▶ **LISTED RECORDS**:
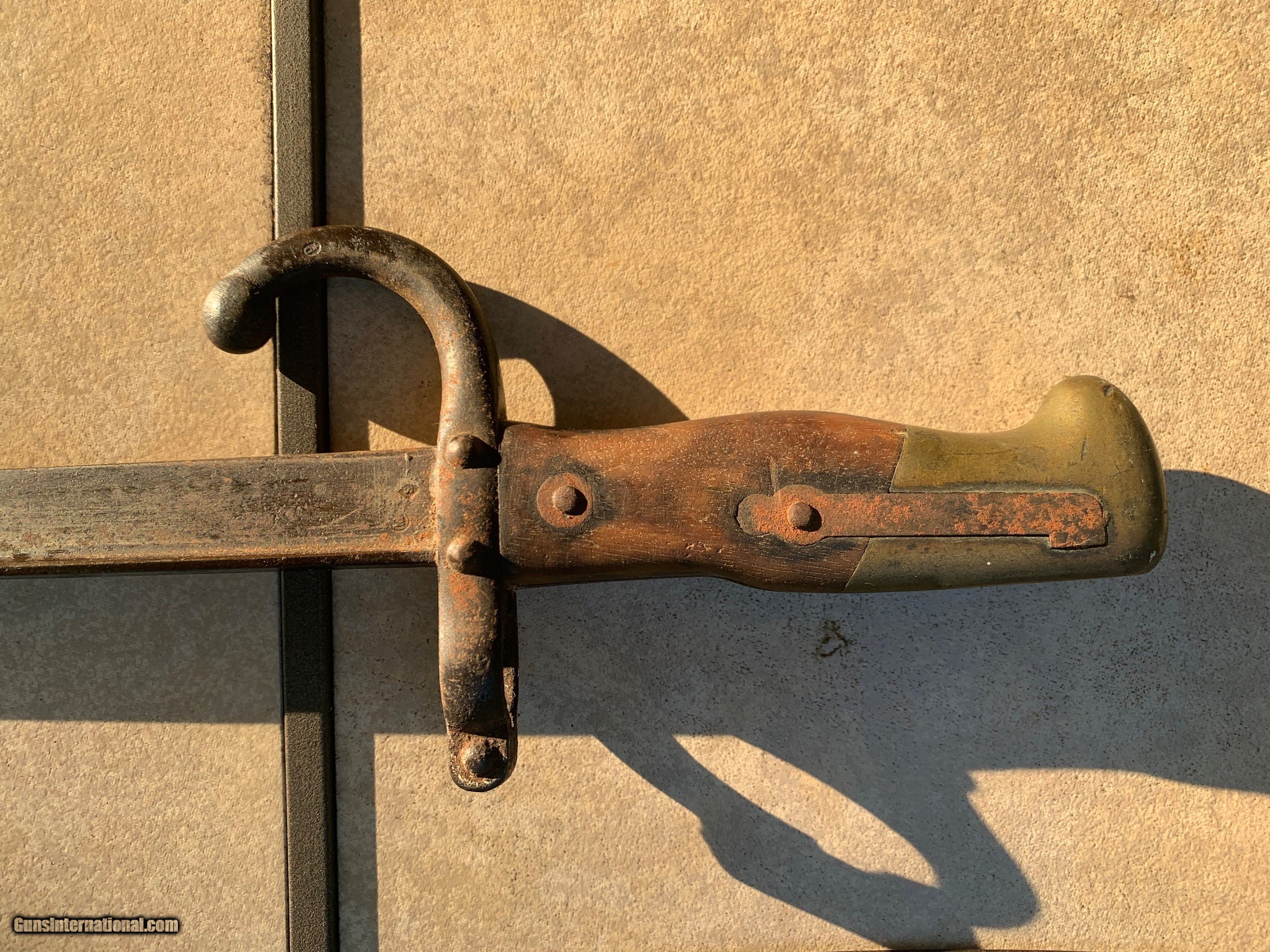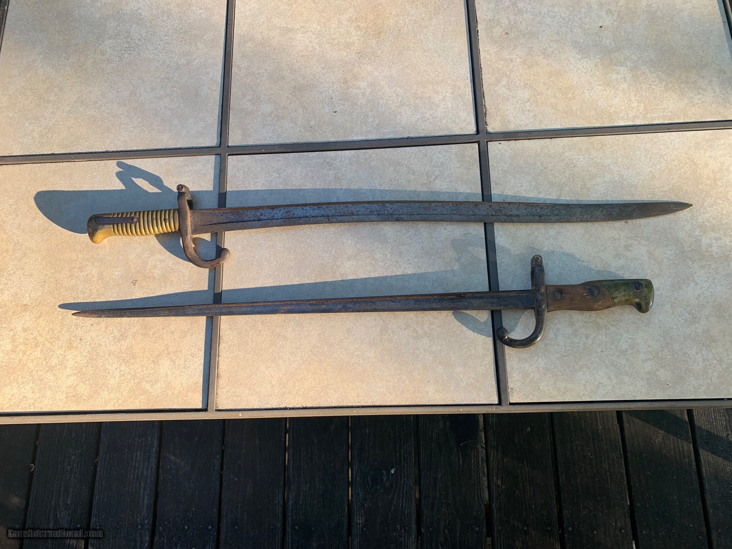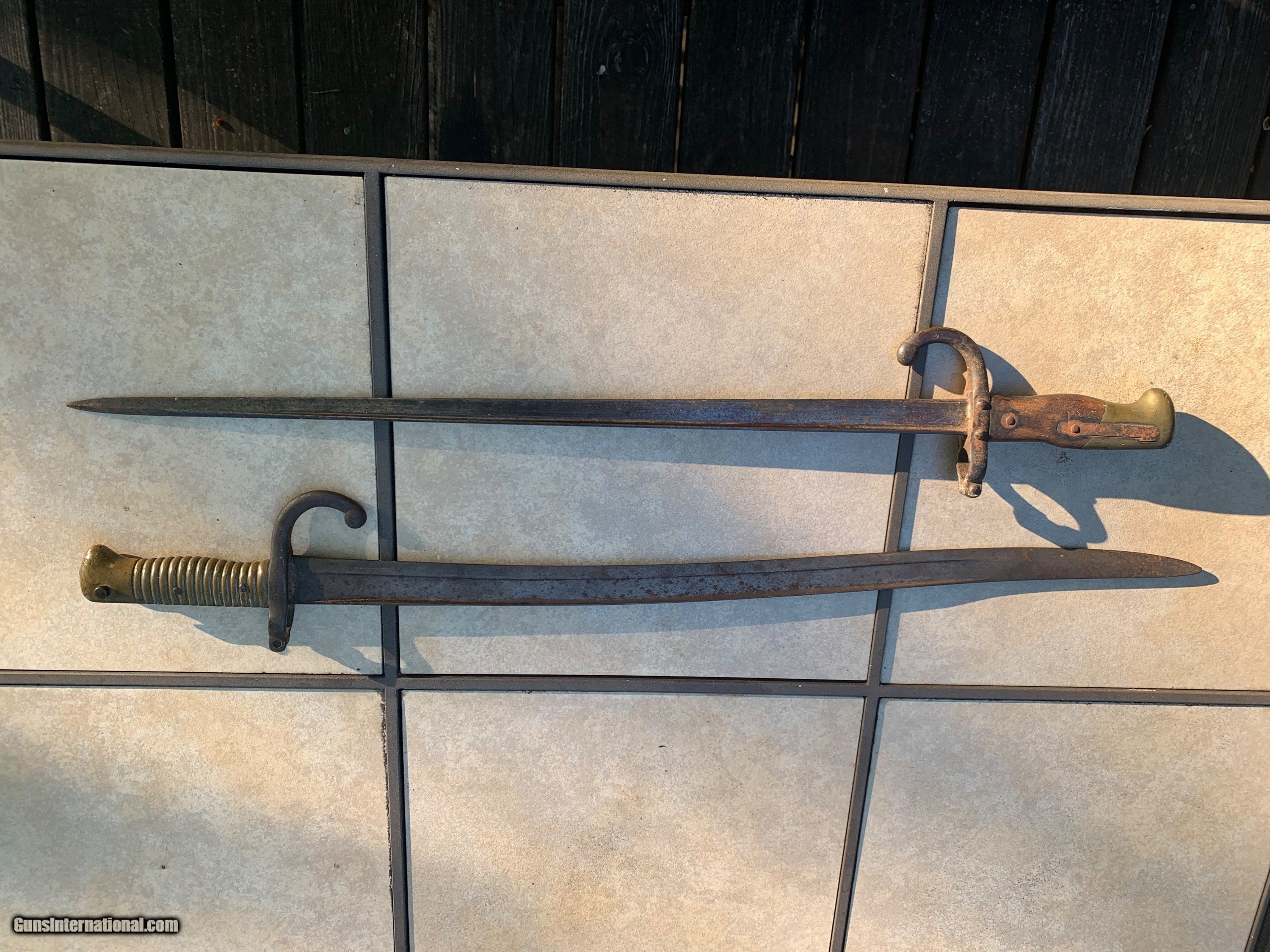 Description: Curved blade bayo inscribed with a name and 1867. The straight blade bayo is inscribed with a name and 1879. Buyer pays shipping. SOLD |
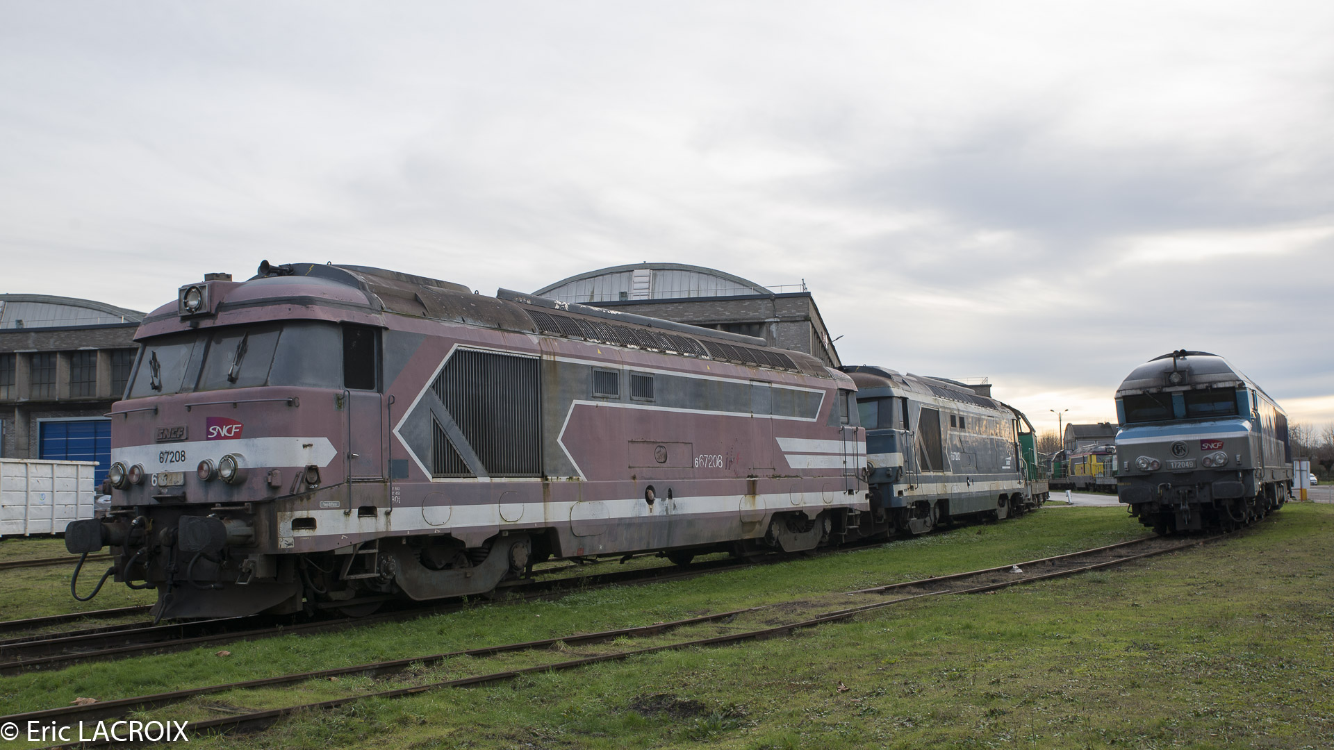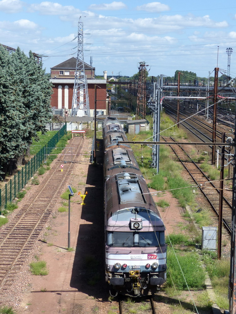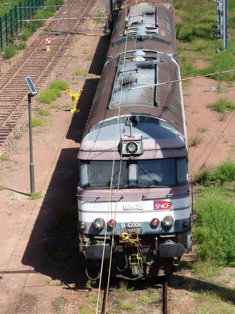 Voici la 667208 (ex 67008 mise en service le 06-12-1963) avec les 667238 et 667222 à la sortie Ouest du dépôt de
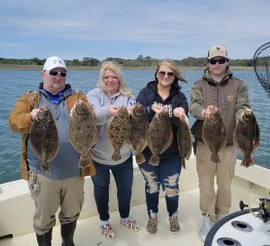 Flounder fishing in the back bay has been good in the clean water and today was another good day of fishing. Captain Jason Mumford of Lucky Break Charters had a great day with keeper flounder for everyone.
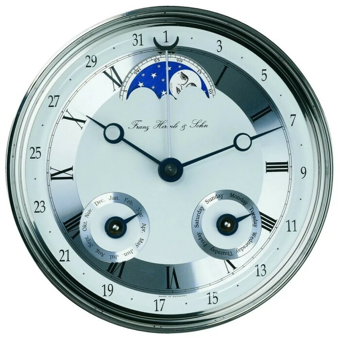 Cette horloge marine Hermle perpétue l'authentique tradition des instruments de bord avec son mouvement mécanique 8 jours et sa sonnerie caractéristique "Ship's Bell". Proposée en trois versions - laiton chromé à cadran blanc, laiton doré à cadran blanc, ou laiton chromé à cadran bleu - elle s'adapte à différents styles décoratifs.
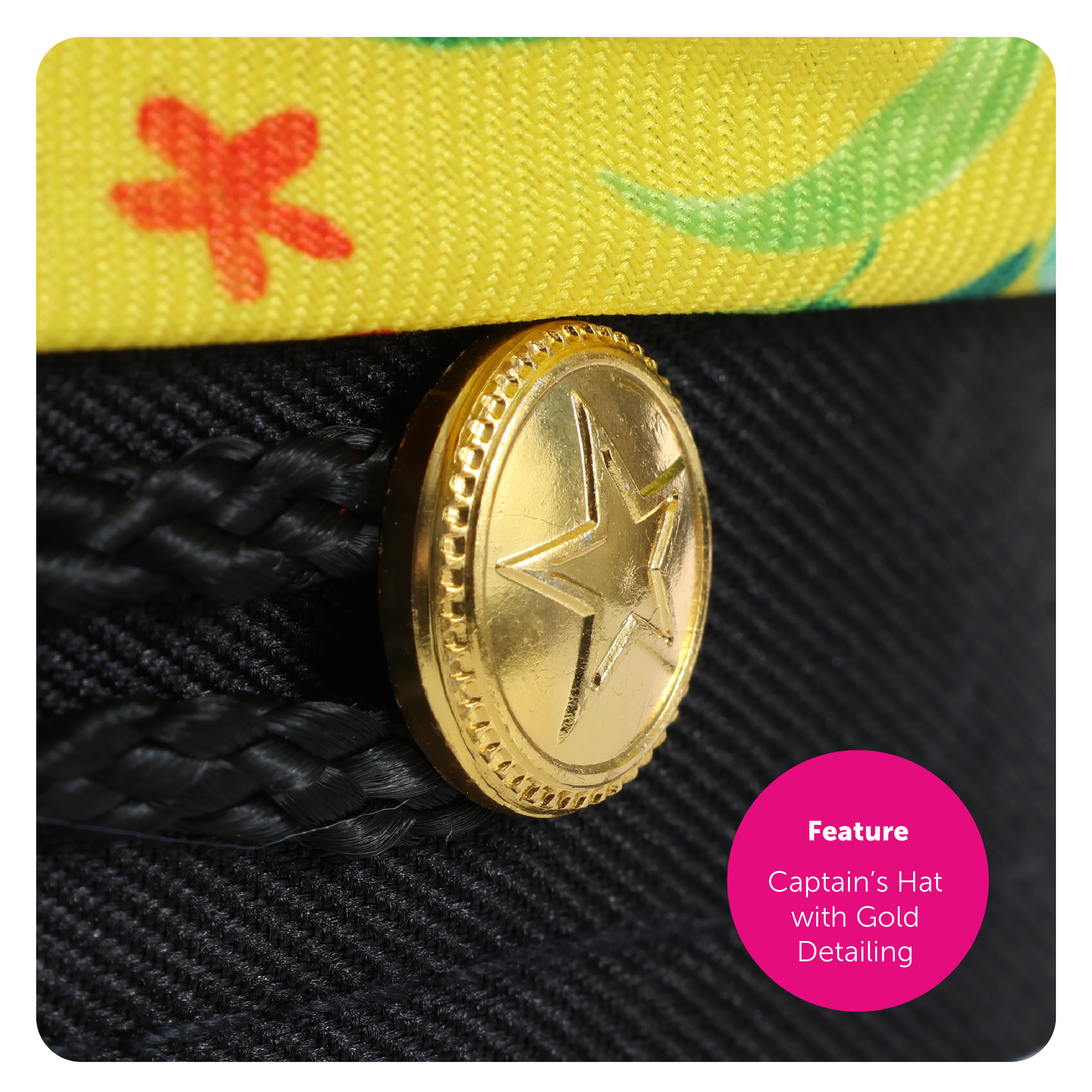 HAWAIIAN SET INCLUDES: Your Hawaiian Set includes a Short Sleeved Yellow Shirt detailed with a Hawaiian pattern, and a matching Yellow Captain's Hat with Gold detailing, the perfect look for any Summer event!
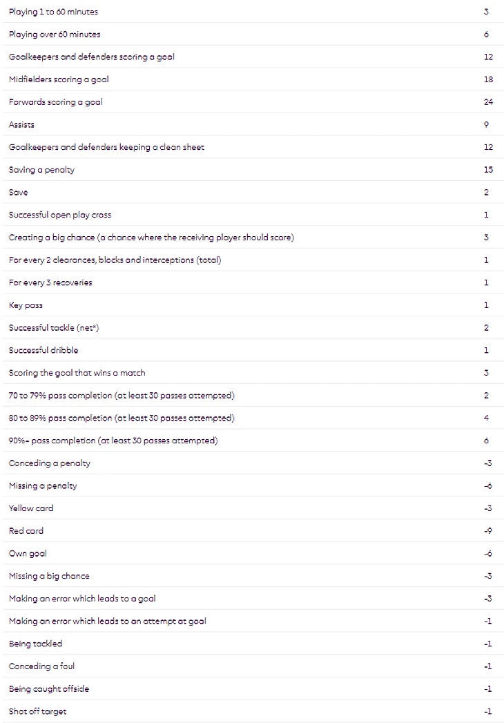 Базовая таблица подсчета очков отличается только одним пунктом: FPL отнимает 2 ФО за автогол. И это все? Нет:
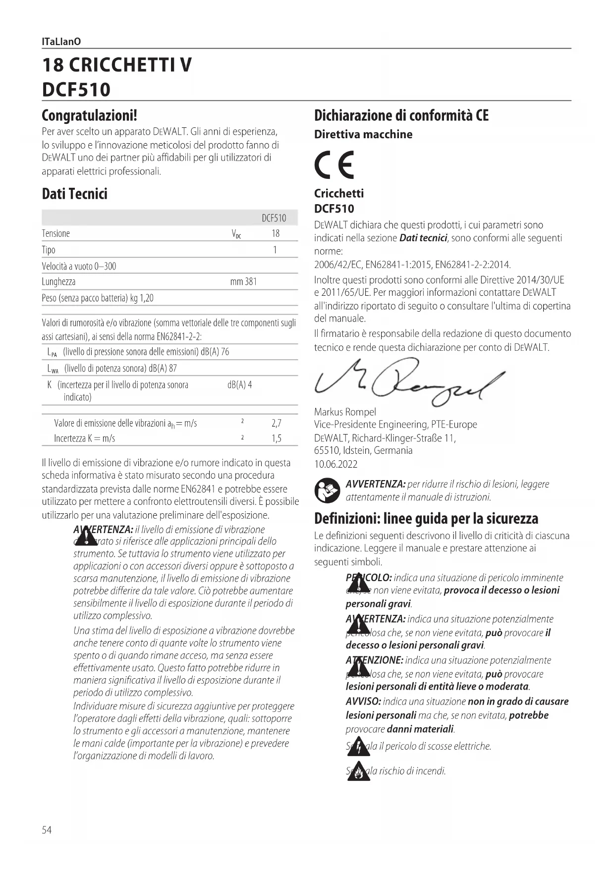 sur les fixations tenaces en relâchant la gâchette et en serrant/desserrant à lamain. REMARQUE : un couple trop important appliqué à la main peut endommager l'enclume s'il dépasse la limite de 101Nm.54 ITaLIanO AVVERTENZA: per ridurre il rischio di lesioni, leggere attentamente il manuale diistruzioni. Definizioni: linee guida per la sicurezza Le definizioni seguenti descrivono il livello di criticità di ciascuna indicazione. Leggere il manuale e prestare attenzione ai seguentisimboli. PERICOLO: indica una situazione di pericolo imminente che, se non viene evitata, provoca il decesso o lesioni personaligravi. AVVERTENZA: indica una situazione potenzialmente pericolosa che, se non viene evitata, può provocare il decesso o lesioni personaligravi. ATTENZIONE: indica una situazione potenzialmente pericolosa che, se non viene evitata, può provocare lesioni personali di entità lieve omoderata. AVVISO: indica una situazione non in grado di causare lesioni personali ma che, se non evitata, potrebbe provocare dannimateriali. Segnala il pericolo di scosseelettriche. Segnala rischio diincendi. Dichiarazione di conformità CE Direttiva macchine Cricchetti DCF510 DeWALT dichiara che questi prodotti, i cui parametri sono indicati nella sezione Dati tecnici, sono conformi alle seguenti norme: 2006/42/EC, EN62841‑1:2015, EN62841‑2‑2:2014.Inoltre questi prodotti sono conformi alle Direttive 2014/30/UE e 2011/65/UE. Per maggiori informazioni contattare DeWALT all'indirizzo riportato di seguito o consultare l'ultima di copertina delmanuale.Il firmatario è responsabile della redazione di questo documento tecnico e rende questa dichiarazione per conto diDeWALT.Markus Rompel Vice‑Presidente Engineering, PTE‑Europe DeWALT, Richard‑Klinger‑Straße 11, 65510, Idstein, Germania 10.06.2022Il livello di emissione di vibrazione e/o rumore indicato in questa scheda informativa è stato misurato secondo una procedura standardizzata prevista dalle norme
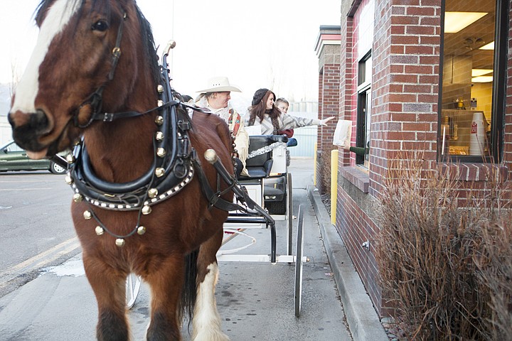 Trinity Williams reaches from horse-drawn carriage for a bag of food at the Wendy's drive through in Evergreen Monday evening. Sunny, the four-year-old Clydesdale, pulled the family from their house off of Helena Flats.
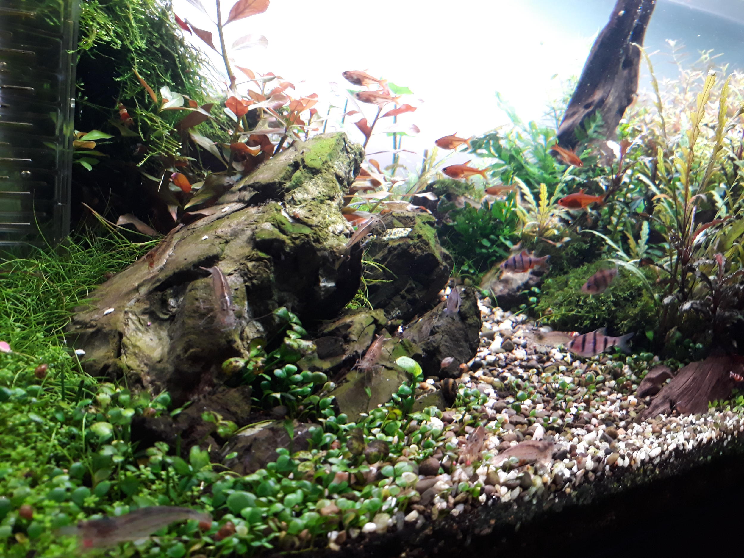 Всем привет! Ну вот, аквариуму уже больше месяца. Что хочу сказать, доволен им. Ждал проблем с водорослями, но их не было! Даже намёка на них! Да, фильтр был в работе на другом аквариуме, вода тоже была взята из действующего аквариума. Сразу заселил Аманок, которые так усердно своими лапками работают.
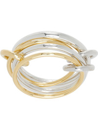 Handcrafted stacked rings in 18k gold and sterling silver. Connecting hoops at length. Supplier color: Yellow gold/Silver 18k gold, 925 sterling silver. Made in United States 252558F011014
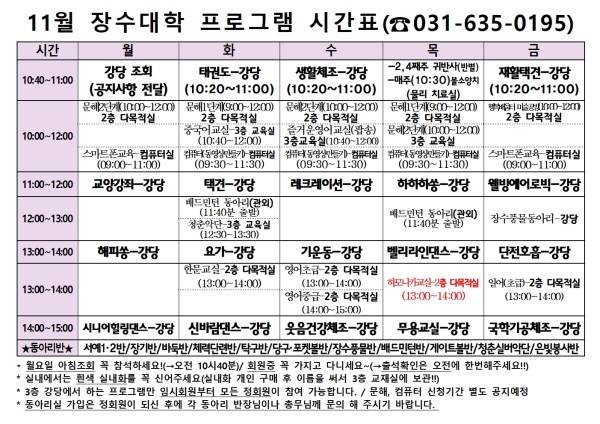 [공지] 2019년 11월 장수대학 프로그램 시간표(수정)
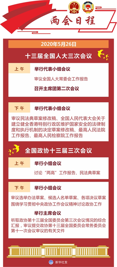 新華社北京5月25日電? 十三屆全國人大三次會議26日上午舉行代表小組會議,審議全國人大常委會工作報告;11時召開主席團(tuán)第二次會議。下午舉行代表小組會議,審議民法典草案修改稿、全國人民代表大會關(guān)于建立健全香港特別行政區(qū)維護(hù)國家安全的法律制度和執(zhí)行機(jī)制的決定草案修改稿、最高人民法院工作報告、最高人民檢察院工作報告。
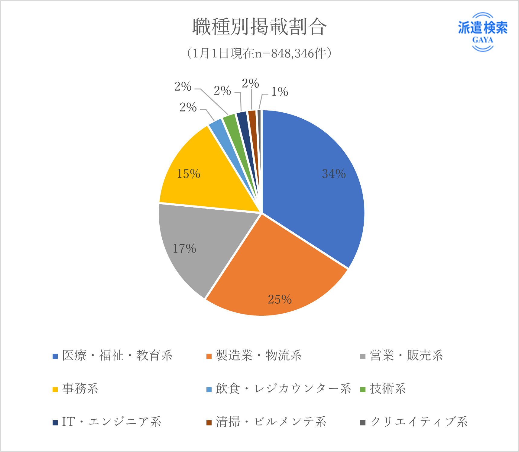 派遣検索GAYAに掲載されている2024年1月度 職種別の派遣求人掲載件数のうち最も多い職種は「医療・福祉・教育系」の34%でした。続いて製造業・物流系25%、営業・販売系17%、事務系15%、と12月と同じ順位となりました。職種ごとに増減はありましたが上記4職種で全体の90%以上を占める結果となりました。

▶ **YOUR INSTRUCTIONS**: The answer must be an exact copy of the lines from the start of the records above through the line containing "Voici la 667208", with no pictures in it.

▶ **ANSWER BOX**:
 Description: Curved blade bayo inscribed with a name and 1867. The straight blade bayo is inscribed with a name and 1879. Buyer pays shipping. SOLD |
 Voici la 667208 (ex 67008 mise en service le 06-12-1963) avec les 667238 et 667222 à la sortie Ouest du dépôt de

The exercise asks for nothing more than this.